Al-Azhar Mosque is a mosque in Islamic Cairo in Egypt. Al-Mu‘izz li-Dīn Allāh of the Fatimid Caliphate commissioned its construction for the newly-established capital city in 970. Its name is usually thought to allude to the Islamic prophet Muhammad's daughter Fatimah, a revered figure in Islam who was given the title az-Zahrā′ ("the shining one"). It was the first mosque established in Cairo, a city that has since gained the nickname "the city of a thousand minarets."[nb 1]
After its dedication in 972, and with the hiring by mosque authorities of 35 scholars in 989, the mosque slowly developed into what is today the second oldest continuously run university in the world after Al Karaouine. Al-Azhar University has long been regarded as the foremost institution in the Islamic world for the study of Sunni theology and sharia, or Islamic law. The university, integrated within the mosque as part of a mosque school since its inception, was nationalized and officially designated an independent university in 1961, following the Egyptian Revolution of 1952.

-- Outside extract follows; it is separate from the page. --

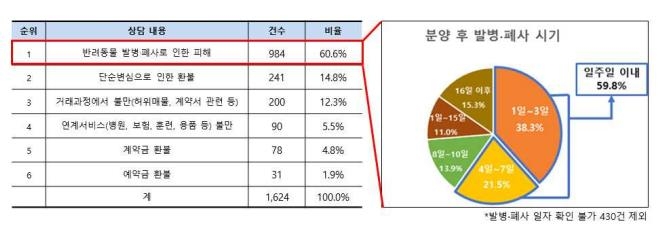 분양 관련 피해 가운데 반려동물 발병·폐사로 인한 피해가 60.6%를 차지해 가장 많았다.

Over the course of its over a millennium-long history, the mosque has been alternately neglected and highly regarded. Because it was founded as an Ismāʿīli institution, Saladin and the Sunni Ayyubid dynasty that he founded shunned al-Azhar, removing its status as a congregational mosque and denying stipends to students and teachers at its school. These moves were reversed under the Mamluk Sultanate, under whose rule numerous expansions and renovations took place. Later rulers of Egypt showed differing degrees of deference to the mosque and provided widely varying levels of financial assistance, both to the school and to the upkeep of the mosque. Today, al-Azhar remains a deeply influential institution in Egyptian society and a symbol of Islamic Egypt.